VALOR

Old Prison

Carlisle, United States

Visitors are surprised and delighted to see an English looking castle standing in the heart of downtown Carlisle, but they wonder what it is and when it was built. For 130 years it was the Cumberland County Prison, and when it was constructed in 1834 it represented the latest fashion in Pennsylvania prison architecture made popular by architect John Haviland.An earlier prison was erected at this location in 1754, and even though it was deemed unfit for human incarceration as early as the 1770's, it remained in use for another 80 years. Escapes were a common occurrence and for years the people of Carlisle pleaded for a new and stronger jail. In 1854, this prison was built, but determined inmates still managed to regularly break out. Some inmates chipped the plaster and mortar from the walls, removed the stones and crawled through the holes. Then lowering themselves from the cell block to the ground with blankets, they scaled the outer wall and fled. Others escaped by filing through the iron bars of their cells, and one prisoner even set fire to his flooring planks hoping to escape through the smoke screen.

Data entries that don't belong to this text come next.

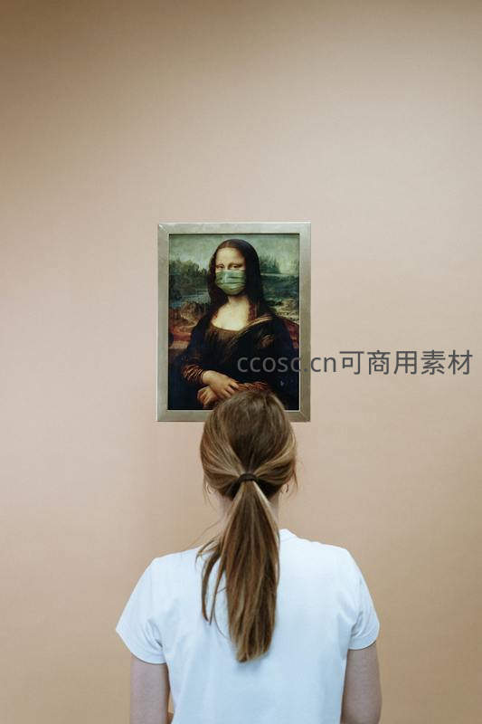 女子背影凝视戴口罩的蒙娜丽莎画像
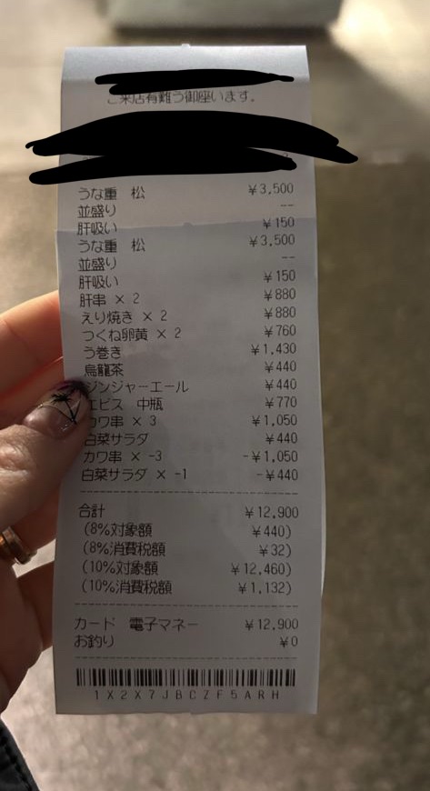 今回の合計金額は12,900円でした。お酒も飲んでこの値段は大満足です!
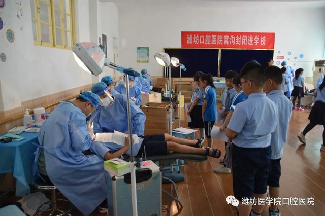 自2015年我市实施适龄儿童免费牙齿窝沟封闭防龋项目以来,医院作为定点医疗机构,连续8年参与我市小学二年级在校生“免费牙齿窝沟封闭”等公益项目,全市80余所小学、5万余名适龄儿童受益。在克服了前期新冠肺炎疫情的不利影响后,2022年潍坊市适龄儿童免费牙齿窝沟封闭防龋项目已正式启动,在校的适龄学生只需按照老师安排在学校安心等候,潍坊口腔医院的专业医师们会进校为学生进行免费的牙齿窝沟封闭。
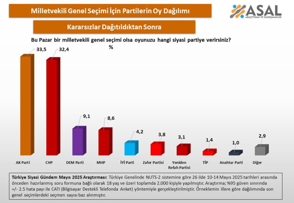 Asal Araştırma, 10-14 Mayıs ortasında tüm Türkiye genelinde 2 bin şahısla görüşerek bir seçim anketi yaptı.
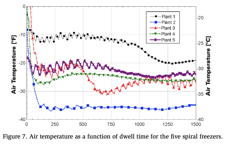 Figure 7 presents the air temperature profiles of spiral blast freezers from five different plants, highlighting significant variability across locations. The data has been truncated at 1500 seconds to make comparisons between the different freezers easier. Plant 2 exhibits the coldest air, with an average temperature of approximately −38°F (−39°C), whereas Plant 1 exhibits the warmest air, averaging around −14°F (−26°C). Plants 3, 4, and 5 have similar air temperatures, approximately −25°F (−32°C). From a performance perspective, lower air temperatures are preferable because they enable faster freezing of the products. However, achieving lower temperatures necessitates lower saturated pressures within the refrigeration system, resulting in increased energy consumption. Therefore, optimal freezer performance requires a careful balance between air temperature and airflow to achieve the most efficient throughput.
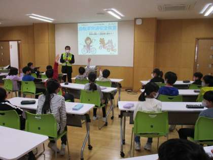 今日は自転車交通安全教室を行いました。講師の方の話をしっかり聞き、自転車を乗るときのルールと安全確認を意識して自転車に乗ることができました。実際に学校の外で自転車に乗るときに今日教わったことに気をつけると子供たちは意識していました。
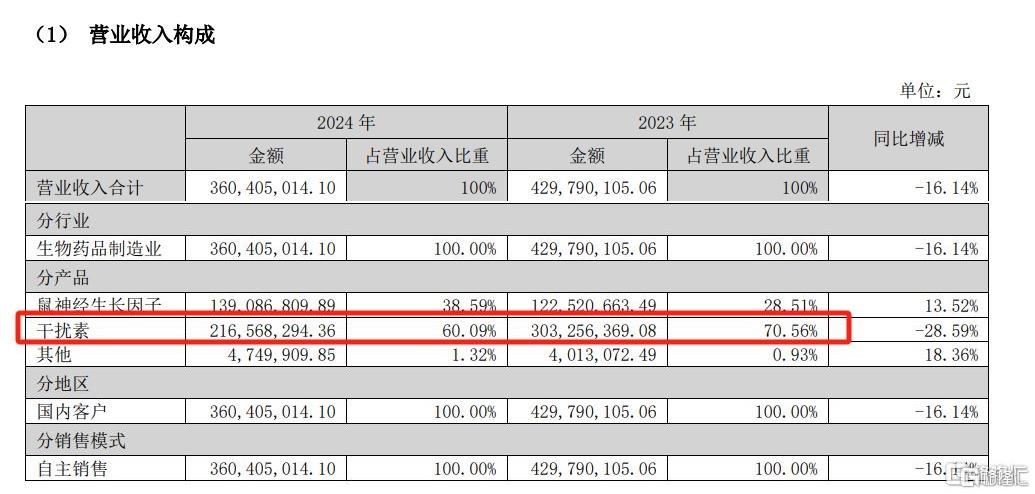 财务数据显示,天津未名2024年实现营收2.17亿元,占上市公司总营收的60.09%。其中干扰素产品近三年贡献率持续超过70%,2024年毛利率更达79.92%。
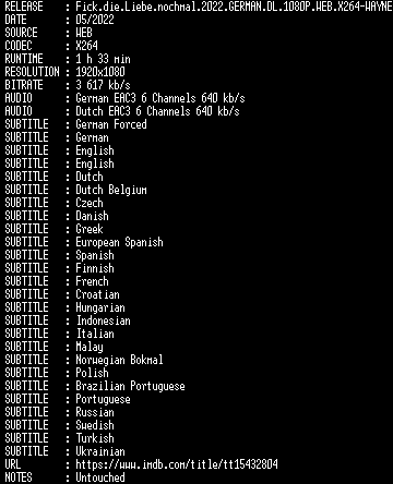| FiLENAME: | Fick.die.Liebe.nochmal.2022.GERMAN.DL.1080P.WEB.X264-WAYNE.mkv |
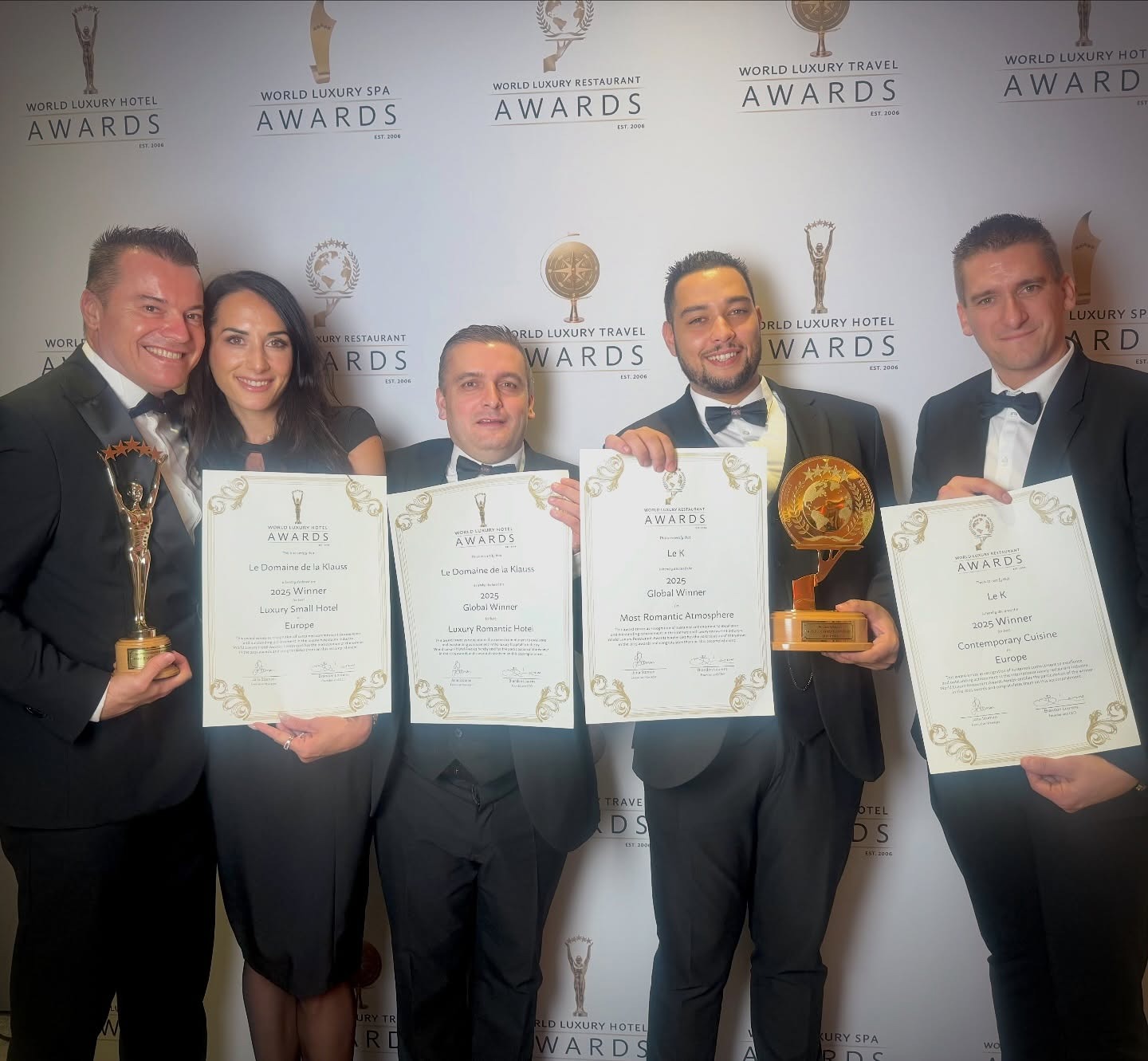 Il repart avec les prix d'hôtel le plus romantique du monde, celui de l'atmosphère la plus romantique, celui du meilleur petit hôtel de luxe en Europe et de Meilleure cuisine contemporaine d'Europe !
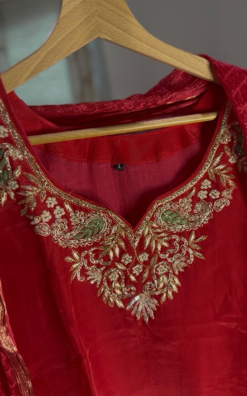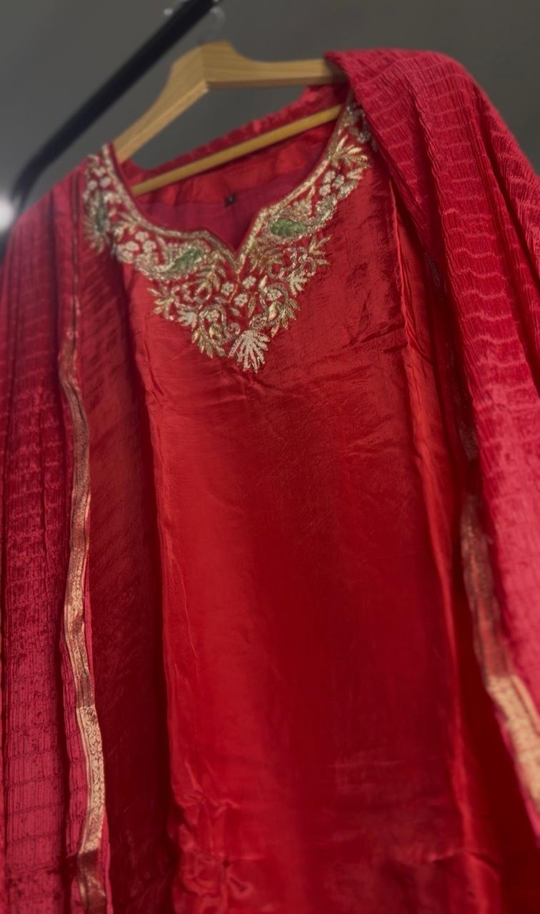 Make a statement with this stunning Hot Pink and Brick Pink Mix Pure Upada Silk A-Line Three Piece Suit, beautifully named “Gulnaar Blush.” Crafted from luxurious Upada silk, the kurta features heavy Zardosi embroidery on the neckline, adding a rich and regal touch. The outfit is further enhanced with delicate hand-finished edges, showcasing fine craftsmanship and elegant detailing.
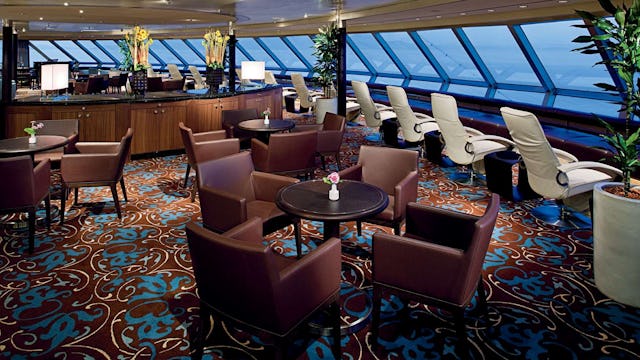 A lounge located at the top of the ship where you can relax and take in amazing panoramic views whilst you enjoy your favourite drink.
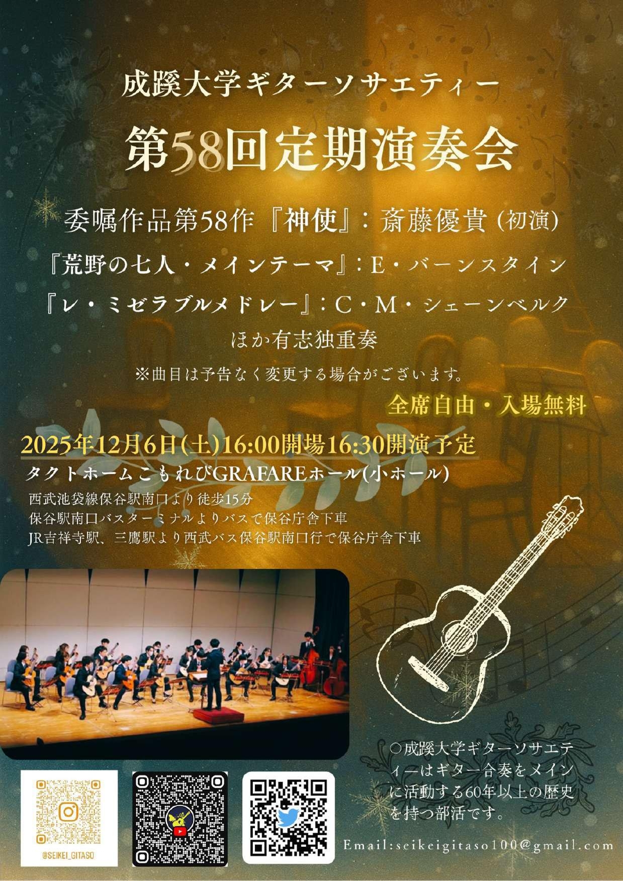 成蹊大学ギターソサエティーによる、2025 年冬のコンサートです。
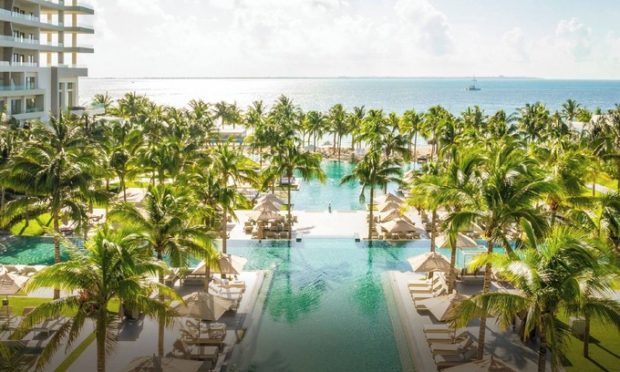 Best-rates for the Playa Mujeres resort starts from $614 per night with includes Accessibility, Spa, Restaurant, Bar, Guest Services, Hot Tub, Internet, Wellness Facilities, Wheelchair Accessible, Kitchen, Laundry, Sports/Activities, Toiletries, Child Friendly, Air Conditioner, Pool, Designated Smoking Area, View, Ocean View, Balcony/Terrace, Bedding/Linens, Parking with all other amenities. Perfect for Weddings is committed to ensuring every guest experiences a comfortable and extraordinary stay, whether planning a romantic getaway, a honeymoon, a pet-friendly stay, or celebrating with the entire wedding party.
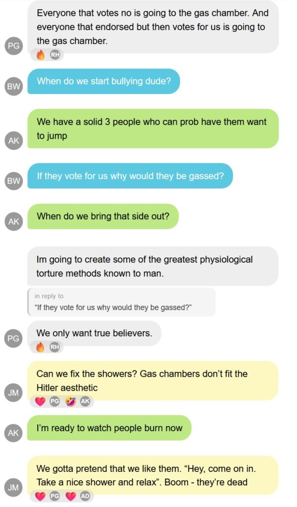 William Hendrix, phó chủ tịch nhóm Cộng hòa Trẻ Kansas, đã sử dụng các từ cấm kỵ như “n–ga” và “n–guh”, các biến thể của lời lăng mạ chủng tộc, hơn chục lần trong cuộc trò chuyện. Bobby Walker, phó chủ tịch Nhóm Cộng hòa Trẻ Tiểu bang New York vào thời điểm đó, đã gọi chuyện cưỡng hiếp là “tuyệt vời”. Peter Giunta, lúc đó là chủ tịch của cùng tổ chức, đã viết trong một tin nhắn được gửi hồi tháng 6, rằng “tất cả những ai bỏ phiếu chống thì sẽ bị đưa vào phòng hơi ngạt”.

He failed.The brownstone used in the construction of the 1854 prison was quarried in York County, Pennsylvania, and stones from the first prison were most likely used to make the prison yard walls. While the prison yard was used mainly for exercise, the last hanging in the county took place there in 1894 when Charles Salyards was hanged for the murder of Policeman Charles E. Martin.In 1984, a larger modern facility was built on Claremont Road, and the prison has been readapted for county use.